Burn-out : ce que dit réellement la recherche
Équipe clinique Ezra Santé • 04/08/2026 • 7 min de lecture

L'épuisement professionnel n'est pas une simple fatigue. Trois dimensions mesurables, des facteurs organisationnels identifiés, et des interventions dont l'efficacité est documentée.
Le burn-out est défini par l'Organisation mondiale de la santé, dans la onzième révision de la Classification internationale des maladies (CIM-11), comme un « phénomène lié au travail » — et non comme une maladie mentale. Il y est décrit selon trois dimensions : un épuisement énergétique, une distance mentale ou un cynisme vis-à-vis du travail, et une baisse de l'efficacité professionnelle.
Cette définition reprend le modèle établi par Christina Maslach et Susan Jackson dès 1981 avec le Maslach Burnout Inventory, encore aujourd'hui l'instrument le plus utilisé dans la recherche. L'intérêt de ce modèle est qu'il distingue le burn-out de la dépression : le premier reste, au moins initialement, contextualisé au travail.

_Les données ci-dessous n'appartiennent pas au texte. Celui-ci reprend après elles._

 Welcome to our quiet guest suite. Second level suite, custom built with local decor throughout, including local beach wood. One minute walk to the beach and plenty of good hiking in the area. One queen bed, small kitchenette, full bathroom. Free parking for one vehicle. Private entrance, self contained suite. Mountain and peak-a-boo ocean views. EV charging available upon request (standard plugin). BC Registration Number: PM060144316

La recherche a surtout déplacé la responsabilité. La revue conduite par Maslach et Leiter en 2016 dans World Psychiatry montre que les prédicteurs les plus robustes du burn-out sont organisationnels : charge de travail excessive, faible autonomie, récompense insuffisante, sentiment d'injustice, conflits de valeurs. Autrement dit, le burn-out en dit souvent plus long sur un environnement que sur la fragilité d'une personne.
Côté interventions, l'essai contrôlé randomisé publié par Panagioti et ses collègues en 2017 dans JAMA Internal Medicine, portant sur les médecins, conclut que les interventions individuelles (thérapie cognitivo-comportementale, entraînement à la pleine conscience) réduisent significativement le burn-out — mais que les interventions organisationnelles produisent des effets plus importants encore.

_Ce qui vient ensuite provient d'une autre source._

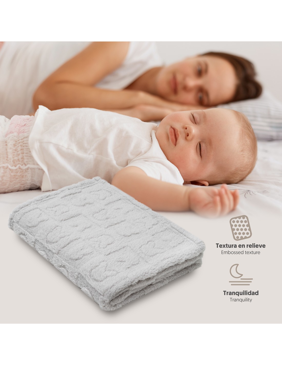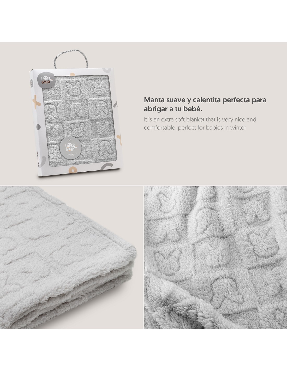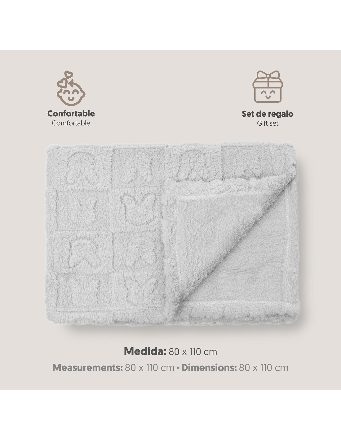 Manta para bebés con tacto aterciopelado y adorable grabado de conejitos. Muy suave y calentita. ideal para mantener a tu bebé abrigado,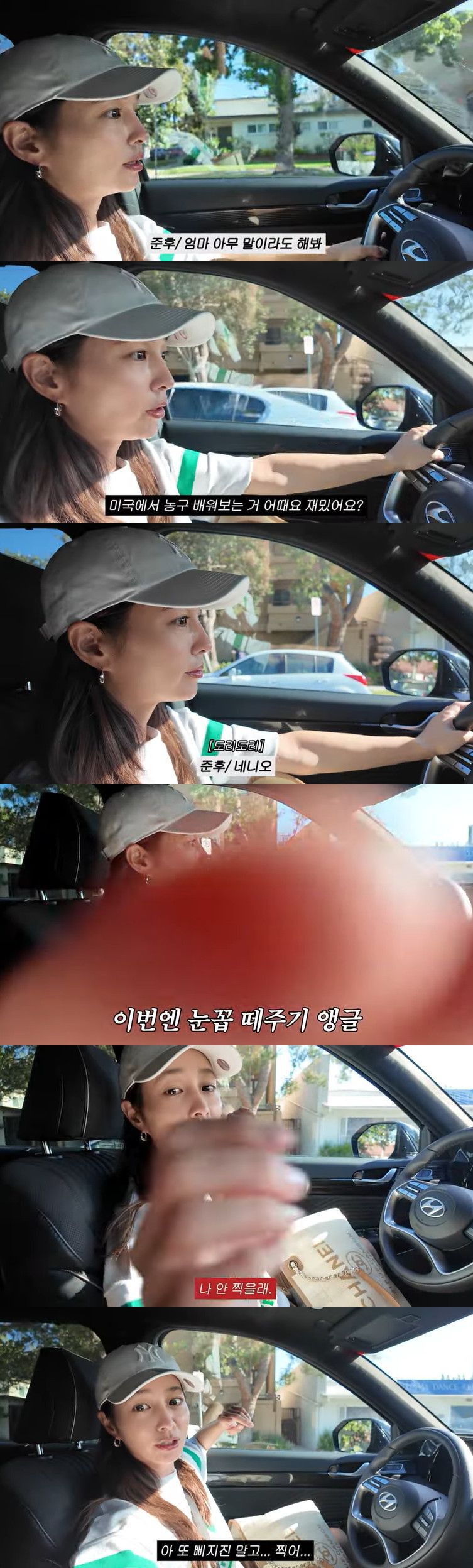 운전하는 이민정의 옆에서 카메라를 가져간 준후는 "엄마 아무 말이라도 해봐"라고 말했고, 이에 이민정은 "미국에 와서 어떠냐. 시차 다 맞췄냐"고 물었다.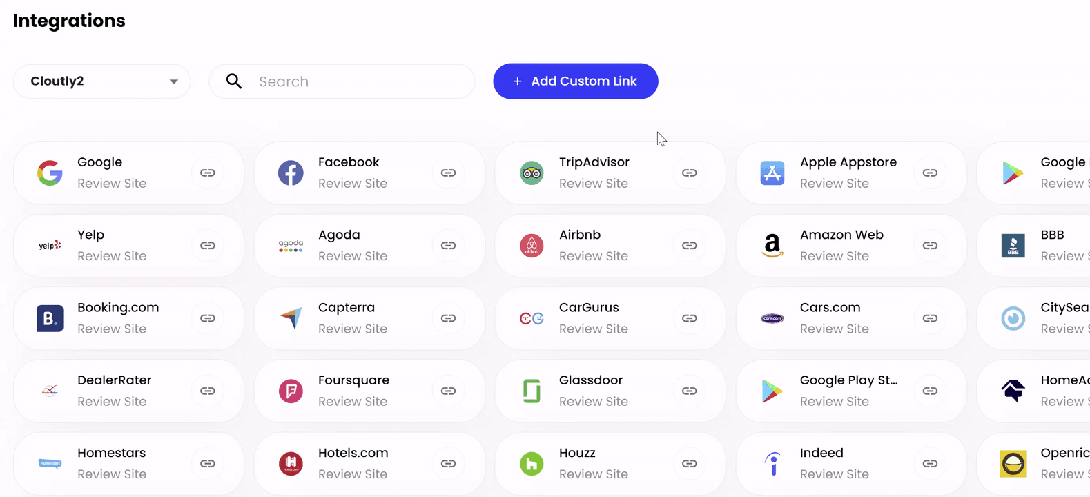For every location you've added to Cloutly, ensure you've connected its corresponding integrations.

Ce que cela change en pratique : un accompagnement utile travaille les deux plans. En séance, on identifie les signaux précoces, on restaure le sommeil et les limites, on retravaille les exigences internes. En parallèle, on prépare concrètement la conversation à tenir avec l'employeur ou la réorganisation à demander.
Le repère clinique le plus simple reste celui-ci : lorsque la fatigue ne se répare plus par le repos habituel et qu'elle s'accompagne d'un désengagement pour ce qui comptait auparavant, il est temps de consulter — sans attendre l'arrêt.
Sources
- 1.Organisation mondiale de la santé, « Burn-out an occupational phenomenon: International Classification of Diseases », 28 mai 2019.
- 2.Maslach C., Jackson S. E., « The measurement of experienced burnout », Journal of Occupational Behaviour, 1981, 2(2), 99-113.
- 3.Maslach C., Leiter M. P., « Understanding the burnout experience: recent research and its implications for psychiatry », World Psychiatry, 2016, 15(2), 103-111.
- 4.Panagioti M. et al., « Controlled Interventions to Reduce Burnout in Physicians: A Systematic Review and Meta-analysis », JAMA Internal Medicine, 2017, 177(2), 195-205.